The rest of the day seems to continue in a similar fashion. We’re chilling in our plunge pool with some music on and I’ve treated myself to a Piton beer (super lady-like). I’m looking at the wall next to the plunge pool and I’m pretty sure that it’s possible to climb on to the wall, run along it and scoot up the incline, onto the railings and over on to our balcony (I’ve had a few drinks at this point). I decide that we simply must try, so I set about scrambling on to the wall from the pool. I can’t imagine what this looked like from behind, other than a giant sausage with arms and legs, trying to heave itself up an on to what was a surprisingly high wall, with absolutely no grace whatsoever. I eventually flop on to the wall, where I realise how high up the balcony is, how steep the incline is on this bit of wall and how smooth it is.
Try as I might, this is not happening – there is no way I’m managing to clamber up this bit of wall and leap over on to our balcony – the wall is soaking wet from the pool water, it’s too slippery and I can’t get any purchase… someone else seems to manage this with complete ease, however and I’m left, crouched on the wall. It’s at this point I realise that I can’t get down either. It’s too far to jump and I can’t climb down either, as my feet are nowhere near the floor if I hang over the edge. HELP! Because I’ve had a few drinks, I start to find this pretty amusing, and soon enough I’m laughing to myself, crouched on the wall alone, soaking wet from the pool. I’ve laughed so much now, that I need a wee again and I’m very much struggling to hold it in, in my current position – crouched on a high wall, in fits of laughter, whilst feeling nervous about never being able to get down and dying on top of this wall.

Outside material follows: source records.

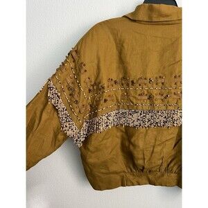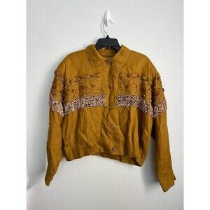 VTG Linen Beaded Cropped Oversized Jacket Mustard ButtonUp Cowgirl Boho Western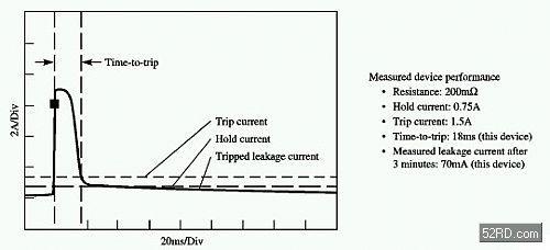 動作時間是PPTC在故障情況下對動作速度的特性所進行之描述。在小功率應用條件下,動作時間是關鍵因素,因為在整個系統的電壓降低或減弱且系統性能受到影響之前,小型電源維持在短路電流而不受損的時間可能很短。動作時間數值與元件的設計、元件的大小和工作電流性能有很大關系,且還要考慮到電路板設計;即電路板上較寬的連線或較大的焊接器等同于散熱器,均可增加動作時間。縮小焊接器的尺寸,選擇較低的工作電流能夠改善動作時間性能。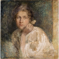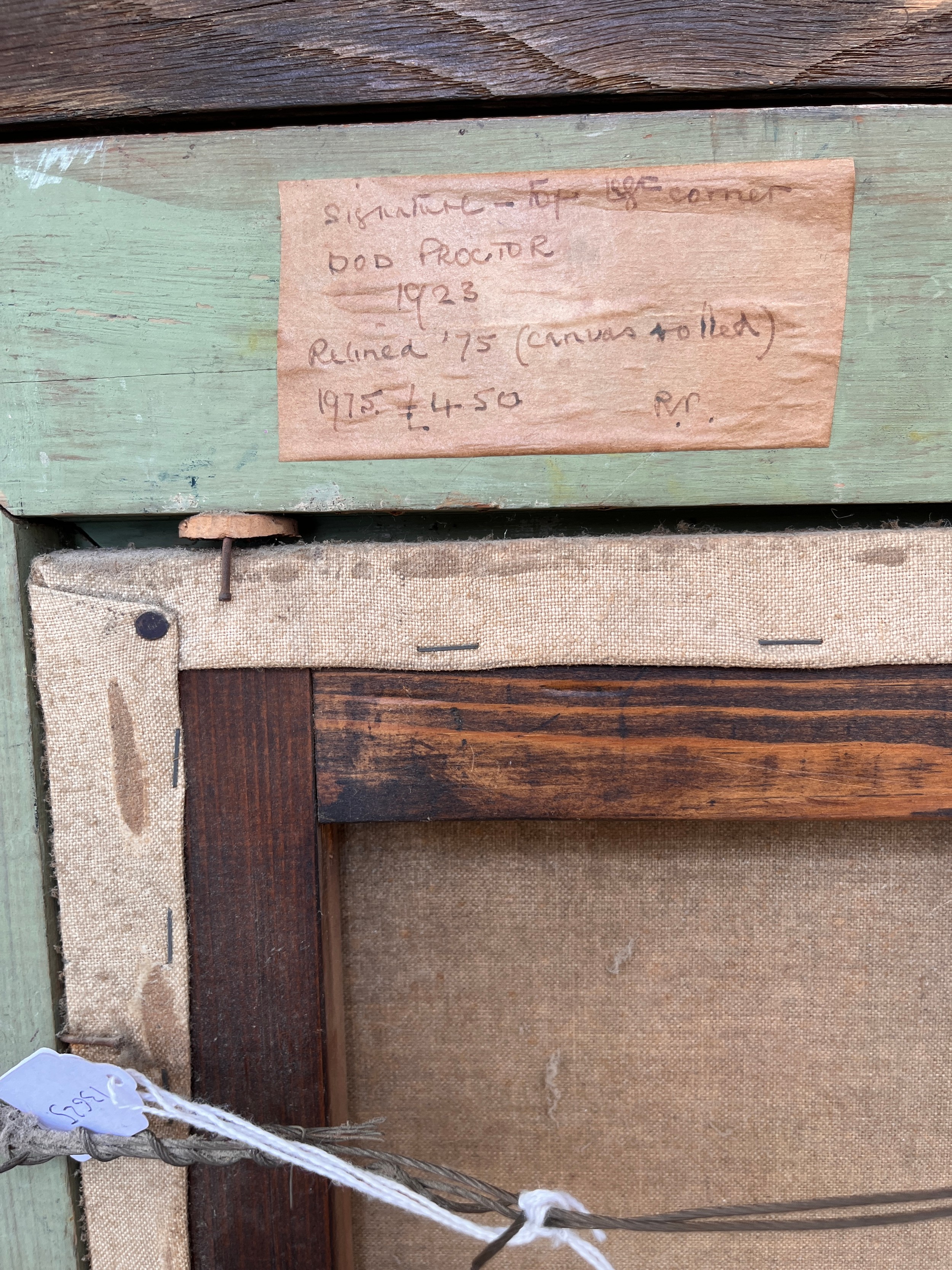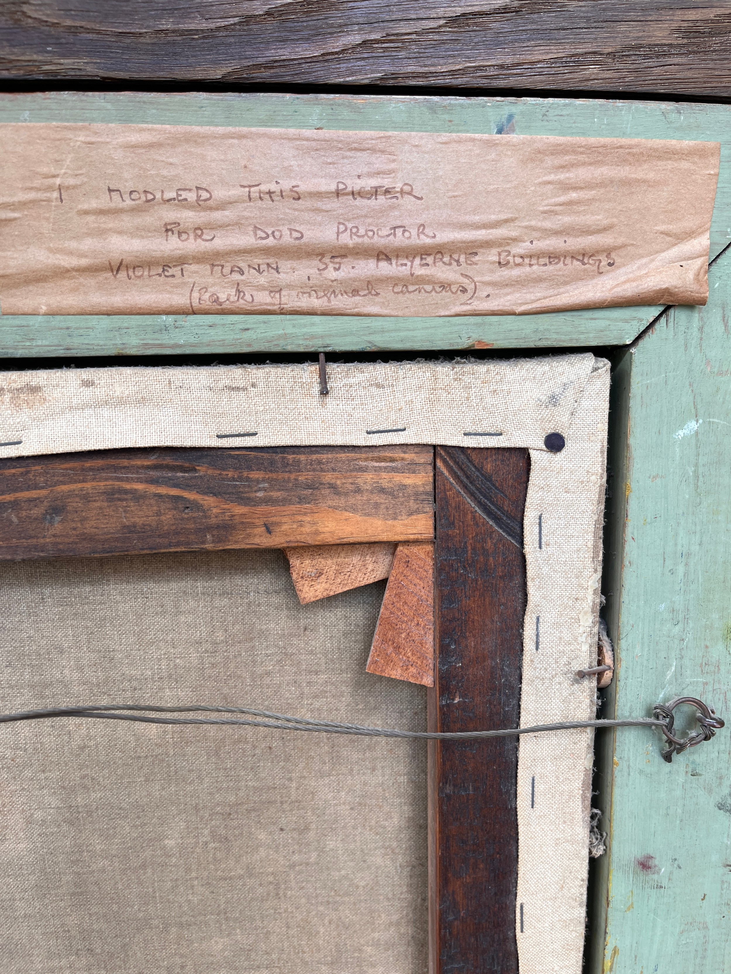 Label inscribed verso, 'Modled this picter / for Dod Proctor / Violet Mann 35 Alyerne Buildings' and, 'signature top left corner / Dod Proctor / 1923 / Relined '75 (canvas rolled) / 1975 £450'

My companion offers to lift me down, which I abjectly refuse to go along with because A) I don’t want him to have any idea how heavy I am, B) I’m not actually sure if he’s going to be able to lift me down, and I really don’t want to hear him grunt as he takes me weight (because that would be terribly upsetting would most definitely ruin my day) and C) I’m a bit tipsy and I don’t want to fall on him and squash him. After refusing for what was probably around 30 minutes, I’m eventually persuaded that I won’t flatten him into a pancake and I awkwardly half fall/ half jump on to him, clinging to him like one of those little koalas you used to get attached to the pull-cords of lights back in the day. Always glamorous.